The child from twelve to twenty-four months of age is a joy to have around some of the time, that is. This child is growing at an incredible rate, learning to walk, learning to touch, learning to love, and learning to say No for the first time. All of this can be quite a handful for the new parent.
In this first book in the series from the renowned Gesell Institute, which includes Your One-Year-Old through Your Ten- to Fourteen-Year-Old, the authors discuss all important questions that concern the twelve- to twenty-four-month-old child.
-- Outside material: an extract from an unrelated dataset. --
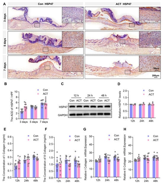 During the wound healing process, fibrocytes transform into more active fibroblasts, which serve as the primary cell type synthesizing collagen and collagen fibers. HSP47, a collagen-specific molecular chaperone, shows significantly increased expression during fibroblast collagen synthesis [27]. We further investigated HSP47-positive fibroblasts in wound sites using immunohistochemistry (Figure 5A). Statistical analysis of the number of HSP47-positive fibroblasts in HPF revealed that although the Activin B group had higher HSP47-positive fibroblasts than the control group, this difference was not statistically significant (Figure 5B). To investigate whether Activin B regulates collagen secretion in HDFs in vitro, we first detected HSP47 expression levels after Activin B stimulation via Western blot (Figure 5C). Statistical analysis of the relative gray values showed that HSP47 expression levels in human skin fibroblasts increased slightly at 12, 24, and 48 h after Activin B stimulation compared to the control group, but the differences were not statistically significant (Figure 5D). Enzyme-linked immunosorbent assay (ELISA) kits were used to quantify type I and III collagen content in fibroblast supernatants, while reverse transcription-polymerase chain reaction (RT-PCR) quantified precursor mRNA levels of these collagen types. ELISA analysis detected 10 ng/mL Activin B-stimulated fibroblast cultures at 12, 24, and 48 h, measuring type I and III collagen levels in the supernatant. Results showed no significant difference between the control and Activin B groups (Figure 5E,F). RT-PCR results indicated no notable variation in type I and III collagen precursor mRNA content within the cultured fibroblasts of both groups (Figure 5G,H).
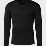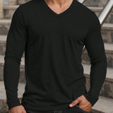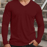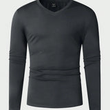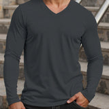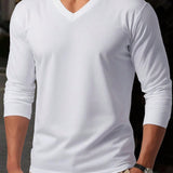 Manfinity homme camisetas casuales de manga larga con cuello en v de unicolor para hombres de talla grande

They examine the various stages of development between infancy and toddlerhood: what new things the child can do; how the child acts with parents and other people; what the child thinks and feels.
Included in this book:
Sleeping and feeding routines
A one-year-old's view of the world and herself
Accomplishments and abilities
The basics of toilet training
Stories from real life
A list of age-appropriate toys and books
A bibliography for parents
Louise Bates Ames and her colleagues synthesize a lifetime of observation of children, consultation, and discussion with parents. These books will help parents to better understand their children and will guide them through the fascinating and sometimes trying experiences of modern parenthood. Donald J. Cohen, M.D., Director, Yale Child Study Center, Irving B. Harris Professor of Child Psychiatry, Pediatrics, and Psychology, Yale School of Medicine
About the Author
Louise Bates Ames is a lecturer at the Yale Child Study Center and assistant professor emeritus at Yale University. She is co-founder of the Gesell Institute of Child Development and collaborator or co-author of three dozen or so books, including The First Five Years of Life, Infant and Child in the Culture of Today, Child Rorschach Responses, and the series Your One-Year-Old through Your Ten- to Fourteen-Year-Old. She has one child, three grandchildren, and four great-grandchildren. Frances L. Ilg wrote numerous books, including The Child from Five to Ten, Youth: The Years from Ten to Sixteen, and Child Behavior, before her death in 1981. She was also a co-founder of the Gesell Institute of Child Development at Yale."